平面地球、太阳和卫星系统积分方程组解的存在性和唯一性

本手稿以惯性受限三体问题为背景，深入探讨 nth 级近似的存在性和唯一性。在这种情况下，两个大质量天体（即地球和太阳）沿直线静止不动，而一个质量较小的天体充当人造卫星。在手稿中，我们发现了用二次函数、无穷级数和超越函数表示的解。我们的研究采用了一个积分方程组来解决这两个不动中心带来的挑战。我们首先推导出地球、太阳和卫星系统的运动方程，所有方程都在惯性坐标系中进行考虑。随后，我们提出了第 n 级近似，并给出了线性积分方程系统的解法。我们还细致地确定了求解收敛的必要条件。此外，我们还深入讨论了这种解的存在性。此外，手稿还牢固确立了该解法的唯一性，确保其奇异性。此外，我们还进行了严格的分析，以量化与第 n 级近似解相关的误差。
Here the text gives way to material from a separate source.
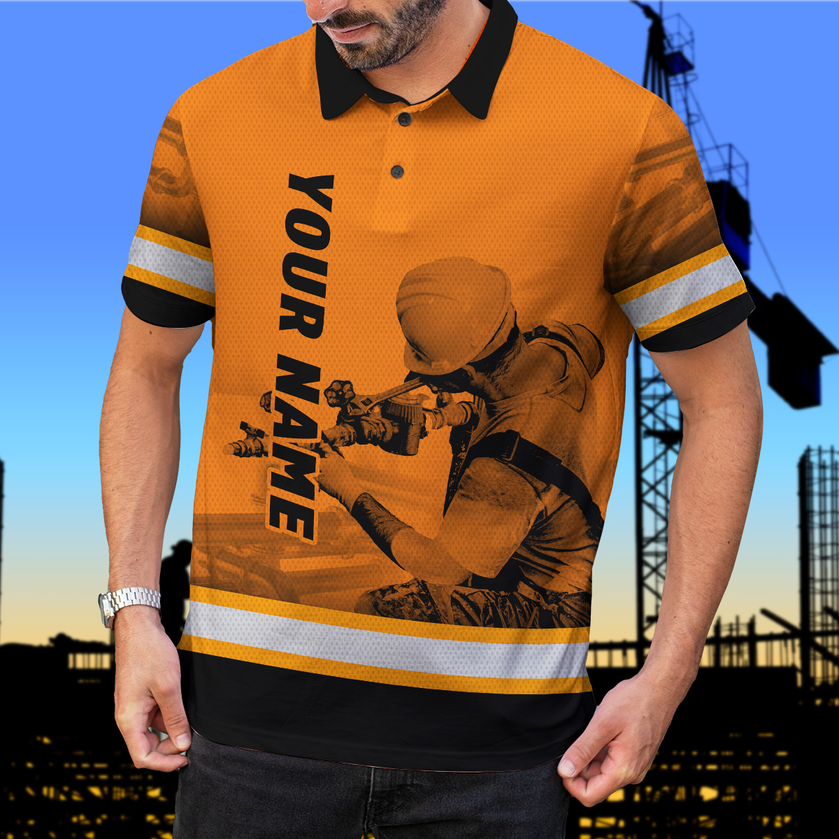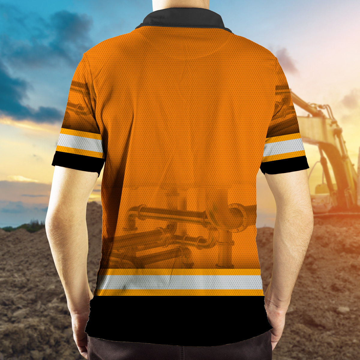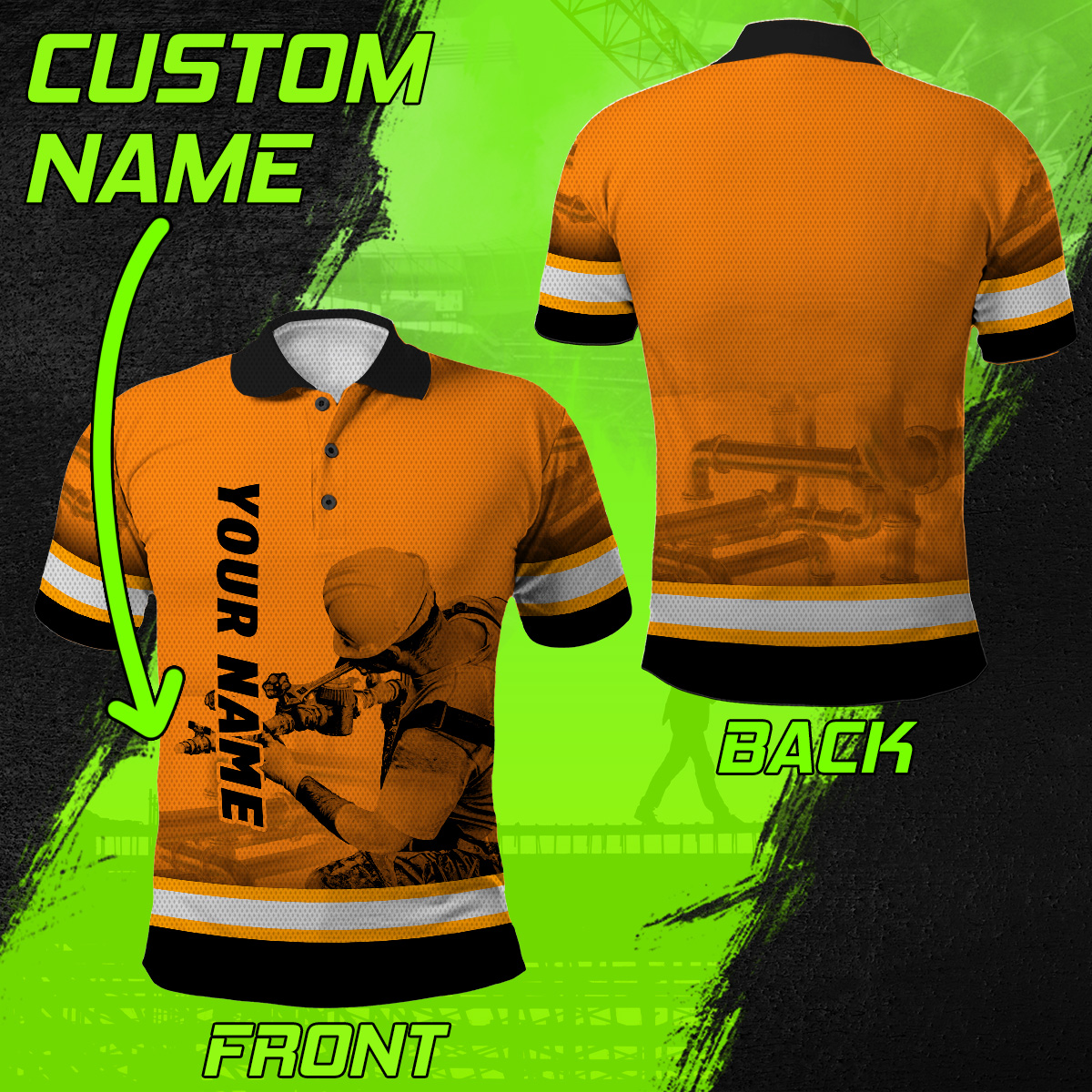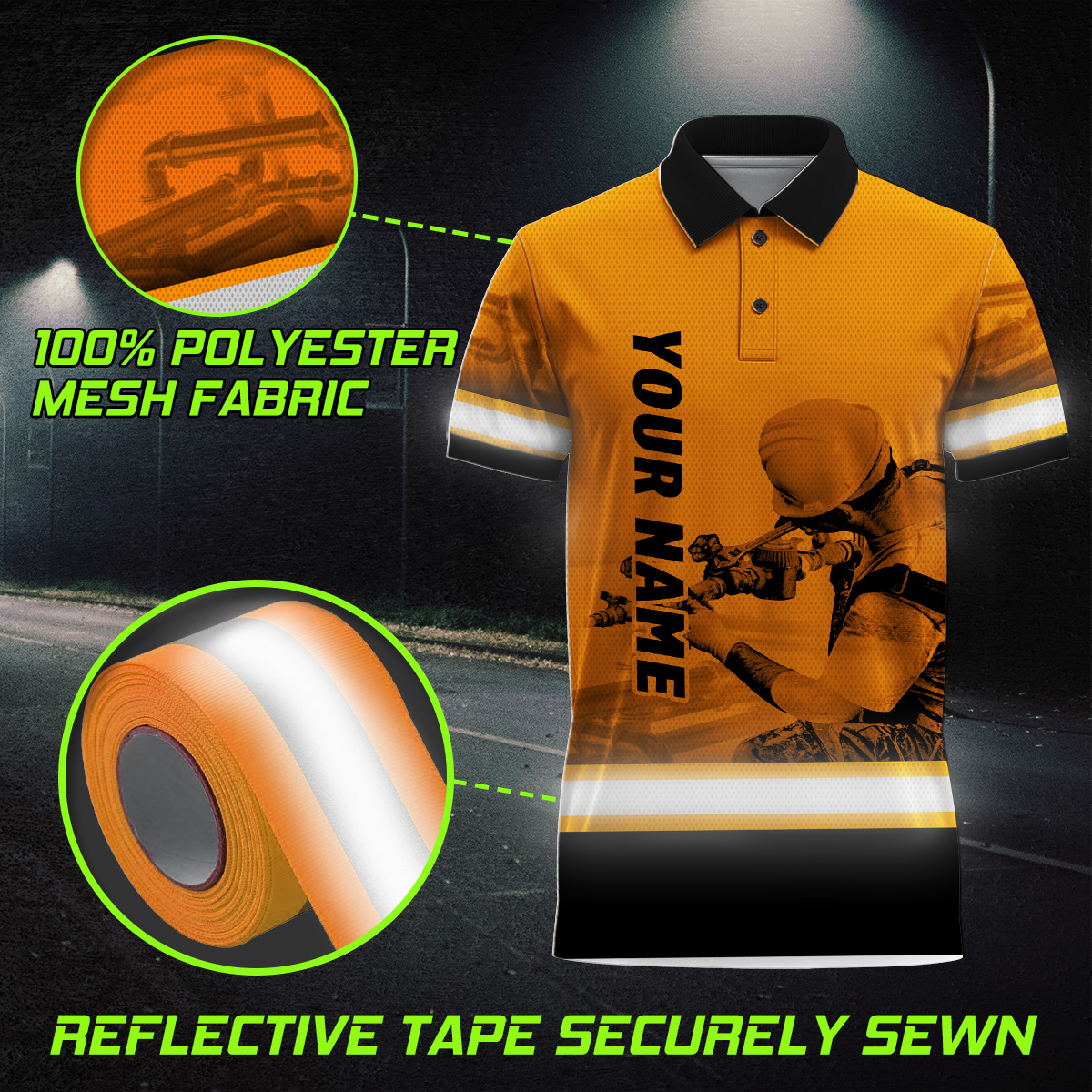Hi Vis Polo Shirt Reflective Tapes Orange Plumber Custom Name Safety Workwear For Plumber, Workers, Runners, Cyclists

本文章由计算机程序翻译，如有差异，请以英文原文为准。

求助全文

约1分钟内获得全文求助全文

来源期刊

Astronomy and Computing ASTRONOMY & ASTROPHYSICSCOMPUTER SCIENCE,-COMPUTER SCIENCE, INTERDISCIPLINARY APPLICATIONS

CiteScore

4.10

自引率

8.00%

发文量

期刊介绍： Astronomy and Computing is a peer-reviewed journal that focuses on the broad area between astronomy, computer science and information technology. The journal aims to publish the work of scientists and (software) engineers in all aspects of astronomical computing, including the collection, analysis, reduction, visualisation, preservation and dissemination of data, and the development of astronomical software and simulations. The journal covers applications for academic computer science techniques to astronomy, as well as novel applications of information technologies within astronomy.